Donora smog survivor, environmentalist concerned over new leader of EPA
An environmentalist who was 2 years old when a catastrophic smog hit her hometown of Donora said it would be impossible to abolish the Environmental Protection Agency.
“(New Administrator Scott Pruitt) will find that the agency has numerous legal mandates that developed over many years,” said Dr. Devra Davis, who was born in Washington, D.C., but grew up in Donora and Pittsburgh.
“The job shapes the person as much as the person shapes the job,” Davis said, though she is concerned about Pruitt’s past hostility to the EPA.
As Oklahoma attorney general he took the EPA to court to block its rules, believing that under President Barack Obama the agency overstepped its legal authority, especially with fossil fuels.
“I greatly appreciate the leadership Attorney General Pruitt has shown in suing to stop the EPA’s Clean Power Plan and look forward to watching him dismantle it piece by piece as EPA administrator,” U.S. Sen. Steve Daines, R-Montana, was quoted on a blog administered by American Coal Council communications director Terry Headley.
According to multiple reports prior to his most recent speech to Congress, President Trump proposed a 25 percent cut in the EPA’s budget.
Trump did not mention such a cutback in his speech but said, “My administration wants to work with members in both parties … to promote clean air and clear water,” among other priorities.
“Of course, the devil is in the details,” Davis said. “EPA’s budget has been cut more than 20 percent in the past two years, so cutting it another 25 percent effectively puts the agency on a footing where it was during the devastating time of Ronald Reagan. Of course, it depends on where and what they cut, but frankly this is such a large cut that it’s hard to imagine that this would not be devastating.”
She said Republicans are not signing on to these proposals, noting that Rep. Tom Cole, R-Oklahoma, “is on record as raising serious concerns” and that Sen. Lindsey Graham, R-South Carolina, has said that the Trump budget is “dead on arrival.”
Last month Cole congratulated his fellow Oklahoman for being confirmed as EPA administrator and said in a news release, “I know he will find the right balance between protecting our environment while also respecting the rights of property owners, state governments and businesses.”
In his first remarks as EPA administrator on Feb. 21, Pruitt said he believed the U.S. can be both pro-energy and jobs, and pro-environment.

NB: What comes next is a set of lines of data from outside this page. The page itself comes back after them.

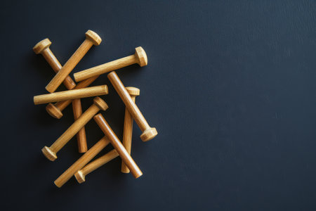 A collection of wooden dowels is scattered across a black surface showcasing their smooth texture and varying lengths in a simple arrangement.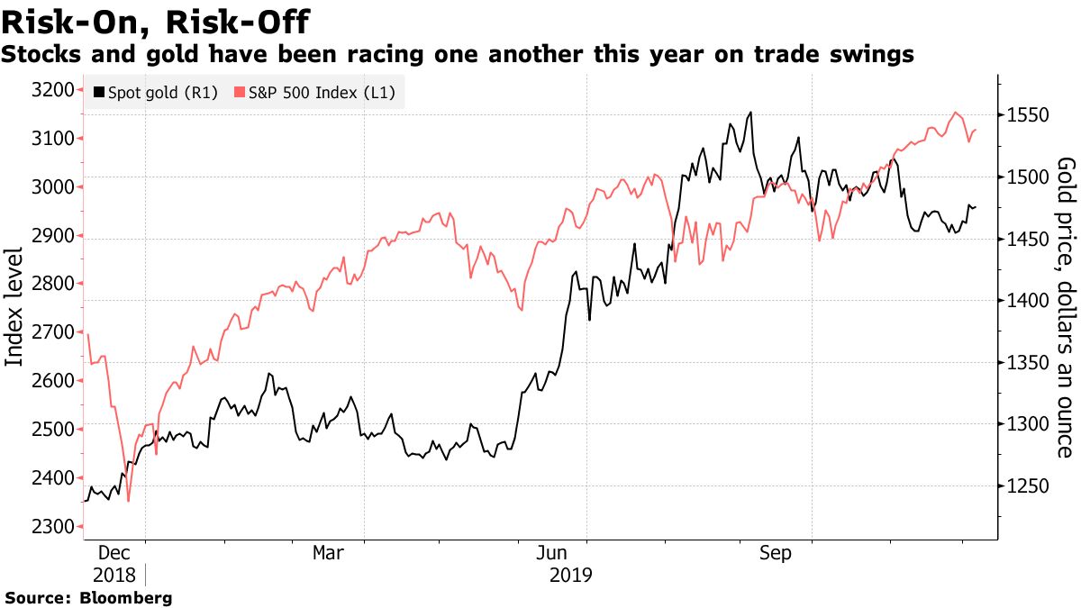While gold has been buoyed by the ongoing trade war, risk assets like U.S. equities are also finding support from optimism about a breakthrough, begging the question which one will prevail and which one is due for a pullback. Invesco Ltd.’s Kristina Hooper, who sees prospects for a 5% to 8% gain in gold next year, thinks stocks will outshine bullion.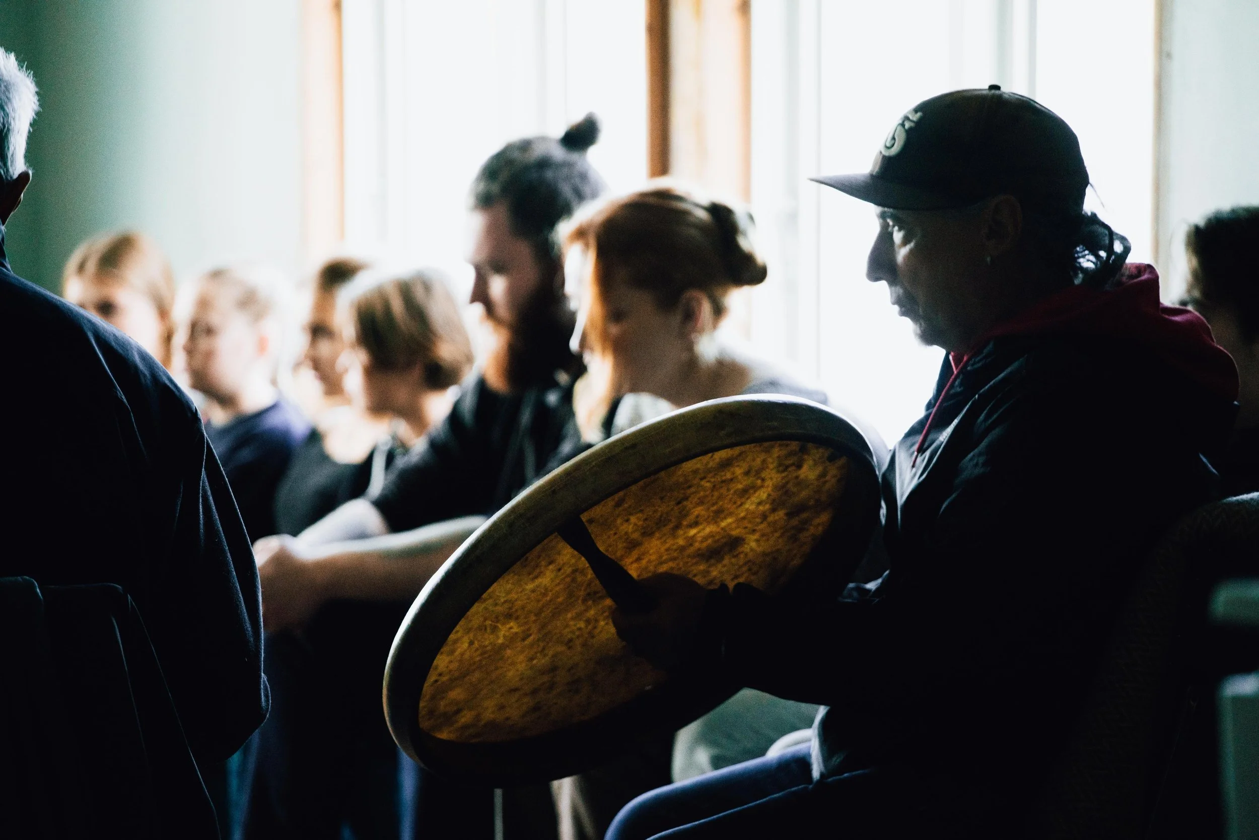 Til verkstedet hadde vi invitert joiker og musiker Torgeir Vassvik, som hjalp oss med å utvikle lydbildet til Kjelvikspillet 2026, med utgangspunkt i samisk kultur og tenkemåte. I tillegg bidro fløytist og imrovisatør Livia Schweizer gjennom å eksperimentere med lydlandskaper i gruppe.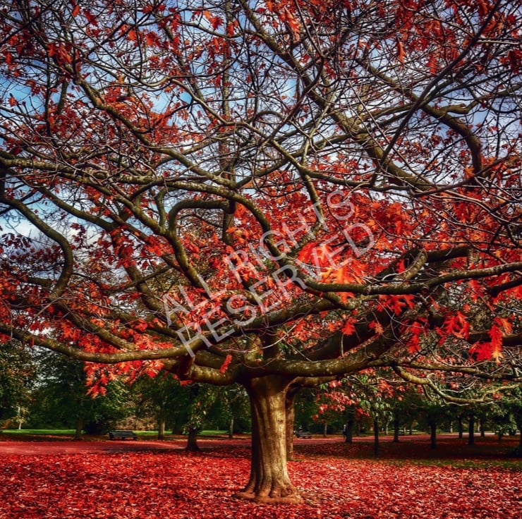 There's nothing like a splash of colour to brighten up a wall and this photo does just that. The bright red autumnal leaves on this tree really stand out against the crisp blue sky.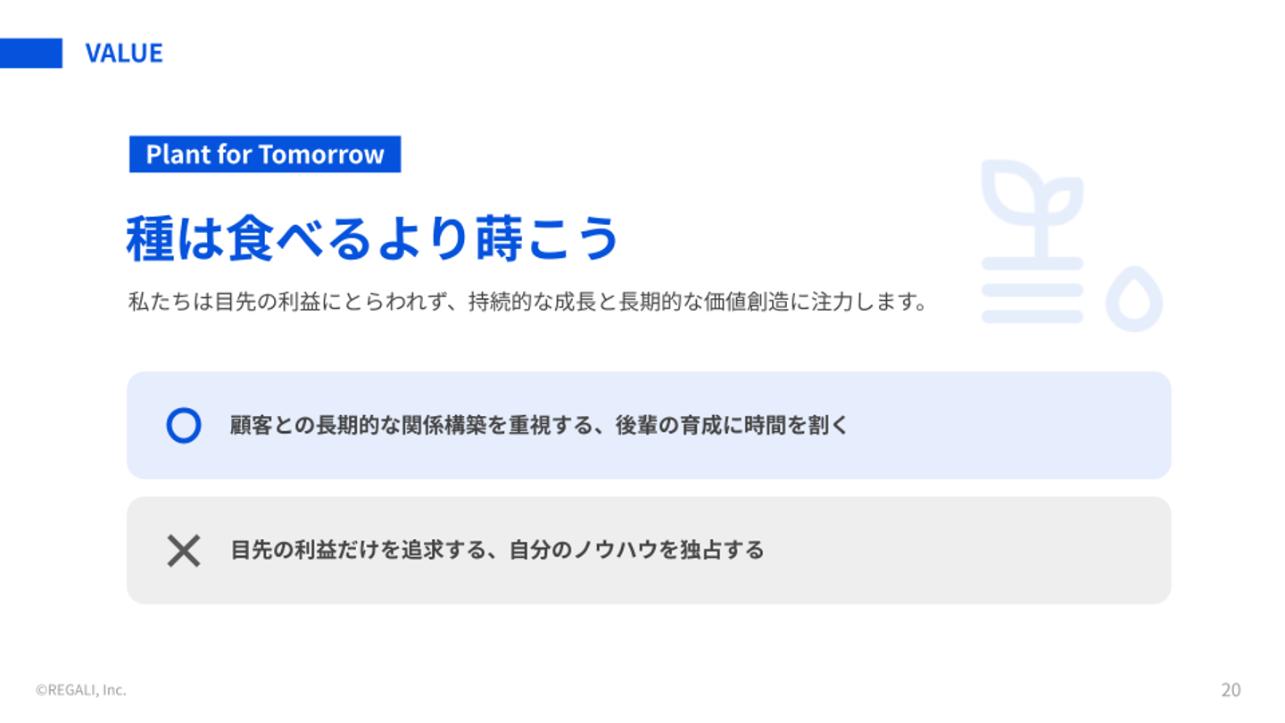 REGALIでは、日々の行動や意思決定の軸として6つのバリューを掲げています。Company Deckではそれぞれ「こういう行動はOK」「こういう行動はNG」の具体例も添えているので、カルチャーフィットを考える際の参考にしていただけると思います。

“We don’t have to choose between the two,” he said as he was introduced as the administrator of an agency established to consolidate a variety of federal research, monitoring, standard-setting and enforcement activities to ensure environmental protection
“I think our nation has done better than any nation in the world at making sure that we do the job of protecting our natural resources, and protecting our environment, while also respecting economic growth,” Pruitt said.
“He is correct,” Davis said. “American support for environmental protection remains strong. As the Republican response so far suggests, the president will not get a free pass on this.”
Davis said she would agree that jobs and the environment are a “false tradeoff” in the Mon Valley.
“It’s not a question of either jobs or environment, it’s a question of both,” she said. She also said, however, that nothing has been said or done to give her any more assurance about what might be expected of Pruitt’s EPA.
Davis said the EPA was “broadly bipartisan” in its formation 47 years ago and in tune with “American values.”
“American values are not Republican or Democrat,” said Davis, who wrote about the 1948 Donora smog emergency in “When Smoke Ran Like Water,” published by Basic Books in 2002.
She does not want to see a repeat of five days in October 1948 when 20 people died as lethal smog descended on what then was one of numerous steel towns along the Monongahela River.
“Yet when it comes to environmental health, we are expected to wait until after the fact — until there are dead bodies or ill people to count — before taking action to prevent those and other harms from happening,” she wrote. “(And) sometimes not even then.”
Davis and the late University of Pittsburgh clinical professor of psychology Dr. David Servan-Schreiber co-founded Environmental Health Trust, a Wyoming-based nonprofit which aims to educate individuals and communities about controllable environmental health risks and policy changes needed to reduce those risks.
It is building environmental wellness programs in Wyoming and Pennsylvania to address impacts of energy development, the built environment and radon.
“History is not destiny,” Davis said. “If we do not learn from it we are doomed to repeat the mistakes of the past.”